Filming a Jewish Indian wedding in Bombay now wow very cool traditions they have singing to each other pic.twitter.com/YL0yjLYXLN
— Oren Rosenfeld (@NewsHolyland) November 22, 2015
As the founder and chairman of Shavei Israel, Michael Freund assists communities like the Bnei Israel who claim a historic connection with Israel. Breaking Israel News asked him how genetic testing affects this.
“Genetic testing can be a double-edged sword,” Freund explained. “The Jewish people are both a nation and a religion. On the one hand we are the descendants of Abraham, Isaac, and Jacob. But throughout history, individuals and groups have converted and formally joined the Jewish people. In the case of Ashkenazic Jewry, 60 percent of the population can be traced back to four Jewish families that migrated to Europe from Israel. But that means that the other 40 percent of Ashkenazi Jews don’t have that genetic test result. We wouldn’t want to deny them their rightful Jewish identity on the basis of a DNA test.”
“On the other hand,” Freund reasoned, “genetic testing is an important tool in helping people discover their Jewish ancestry.”

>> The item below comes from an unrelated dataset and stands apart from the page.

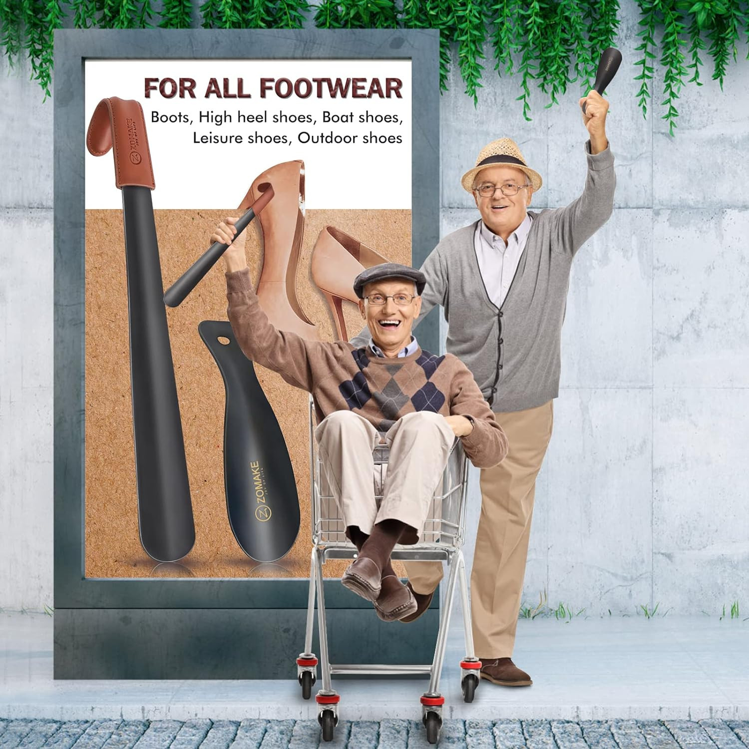 ZOMAKE Shoe Horn Long Handle for Seniors Men Women,Metal Long Shoehorn Boot Horn

Freund has had first-hand experience with the benefits of testing. “I have seen this in various countries throughout the world,” he said. “I have connected with many people who have done genetic testing and were stunned to discover that they have Jewish ancestors.” He specified that “this is not always a religious connection. Sometimes it arouses an affinity for Israel and Jewish causes. In other cases it does lead them on a transformative religious journey.”
He warned that, as the question of Jewish identity is already a matter of fierce debate in rabbinic courts, the genetic factor and its implications must be discussed among religious leaders. “This is still in the very early stages but it is an issue that rabbinic authorities will have to deal with in the next couple of years,” he predicted.
Overall, Freud believes genetic testing is a good thing. “I see it as an exclusively positive tool for the Jewish people, strengthening our connection with the world and allowing people to discover their Jewish identity in a way that was impossible only a few years ago,” he said.
“We may come to a point in the near future when a mitochondrial DNA test could be proof of Jewish identity. That will be a turning point in Jewish history.”